Nineteen OccupyDC protesters who emerged from an overnight stay in Washington jail this afternoon were greeted by the veteran civil rights leader Rev. Jesse Jackson. Among the freed detainees were Princeton professor Cornel West and Grammy-nominated singer Raheem DeVaughn, who embraced Jackson as a drum-beating crowd of supporters chanted, “We are the 99 percent.”
“Our message is that this is a movement that is leader-less and leader-full,” said West, who was arrested Sunday for displaying a sign on the grounds of the Supreme Court. “We take very seriously the idea of lifting every voice and we listened very closely to the people who we met inside the racist criminal justice system.”
The emotional meeting in front of the Carl Moultrie Courthouse symbolized how divergent traditions in American protest have converged in the occupation movement.
The 19 people detained belong to a movement of veteran leftist activists called October 2011 who had had been planning to launch a campaign of civil disobedience out of Washington’s Freedom Plaza since last spring. Their ranks include members of well-established protest groups like Code Pink and Veterans for Peace.

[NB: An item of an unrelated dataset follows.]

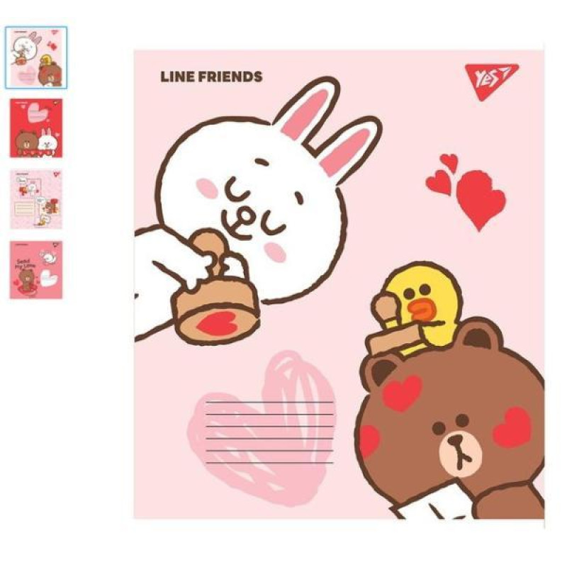 Зошит 12лист, коса лін. "Line friends", ЦІНА ЗА УП. 25ШТ, ТМ YES, Україна
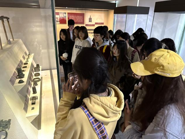 11月16日上午,师生们首先参观了郑国车马坑遗址博物馆。讲解员从郑国建立、迁移与发展壮大的历史讲起,围绕出土的器物介绍了春秋战国时期的礼乐文化与制度,重点讲解了著名的“中”字型三号坑大墓以及最先挖掘的一号墓。实景观看和体验使《左传》中白纸黑字的历史具象化地呈现出来,加深了同学们对春秋战国时期郑国社会面貌及礼仪制度的直观认识。

Their ranks have been swelled by the occupation of nearby McPherson Square, where a younger crowd of social media activists inspired by Occupy Wall Street has established a tent city called Occupy K Street. More ethnically diverse than the older activists, these occupiers speak the language of hashtag and “mike checks” and sometimes express skepticism about the capital’s professional reformers.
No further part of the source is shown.